Du nouveau

Il pleut des jeunes quatuors ces derniers temps. Combien dureront ? Je gage que le Novus Quartet – quatre étudiants de l’Université Nationale des Arts de Corée – ira loin et longtemps. D’ailleurs, il n’est pas si neuf que cela, fondé en 2007 : voici bientôt dix ans qu’il travaille, affine son style, met au point un répertoire choisi comme le montre ce premier opus transcendant, qui met en regard deux partitions de jeunesse et un chef d’œuvre de maturité.

L’album s’ouvre dans les gris coloré du Langsamer Satz, Webern avant Webern en quelque sorte, lyrique mais déjà visant au silence, écrit comme à l’intérieur de la musique, quelque chose comme une réponse recueillie à l’esthétique de La Nuit transfigurée, où les archets des Coréens caressent les polyphonies éplorées, suspendent les notes, affinent les timbres, dosent les pizzicatos – écoutez le récitatif de l’alto, moment magique.

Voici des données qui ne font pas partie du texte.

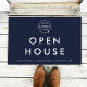 Modern Open House Real Estate Door Mat Template in a modern mininalist style on a stylish navy blue background. Easily upload your company logo for your real estate business and add your contact details (telephone, email, social media and more). The perfect accessory for any realtor or property listing agency!

Les quatre amis restent à Vienne avec une lecture dionysiaque, prodigieusement projetée, du Quartetto “Serioso”, cette œuvre manifeste où l’humeur fait tout. Quel jeu au cordeau, quelles attaques, quel art de la surprise et des coups d’éclat, quel sens de l’ensemble, qui rappellent immédiatement que leur modèle reste le Quatuor Hagen, devenu depuis des amis. Décidément, ces Coréens sont chez eux chez Beethoven, ils devront continuer à explorer ses Quatuors, les mystères des Harpes leur iraient assurément.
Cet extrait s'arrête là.